Jetzt fühlt Herzog sich so gut erholt, „dass ich die neue Saison voller Elan und Motivation angehen kann“. Doch im Wildwasserkanal wirft sie die Pause weit zurück. „Ich habe das Gefühl verloren, fahre nicht mehr so schön rund durch die Tore“, sagt sie. „Ich brauche zwei, drei Wochen, bis ich das wieder so beherrsche, wie ich es gelernt habe.“ Schritt für Schritt tastet sie sich mit Trainingspartner Franz Anton an die Technik heran. Auch er fing in Meißen mit Kanuslalom an und gewann 2018 WM-Gold im Canadier-Einer.

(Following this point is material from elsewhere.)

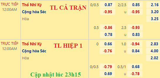 Chốt kèo trực tiếp trận Thổ Nhĩ Kỳ vs CH Séc (00h00):

Bei Olympia 2021 wird sie erstmals die Gejagte sein

„Wir bringen uns gegenseitig voran“, sagt Anton. „Wir sind Multiplikatoren, die sich besser machen.“ Den Rest erledigt Trainer Felix Michel, der allerdings auch die Einschränkungen durch die Pandemie spürt. „Felix hat eine berufstätige Frau und eine Tochter“, sagt Herzog. „Beide teilen sich die Betreuung, er kümmert sich morgens um sie und seine Frau nachmittags. Dann betreut Felix uns.“ Auf Dauer reiche das aber nicht. „Tendenziell wollen wir zweimal am Tag trainieren.“

Schließlich geht es um Olympia, „das Größte, was es gibt“. Doch selbst wenn sie dort Gold holen sollte, würde sie den WM-Sieg höher einstufen. Bei Sommerspielen tritt eine Fahrerin pro Land an, bei der WM starten die Besten aller Nationen. „Für den Titel musste ich mehr leisten. Bei Olympia spielen andere Faktoren eine Rolle, etwa der Druck.“ In Tokio wäre sie erstmals die Gejagte – 2021 oder wann auch immer.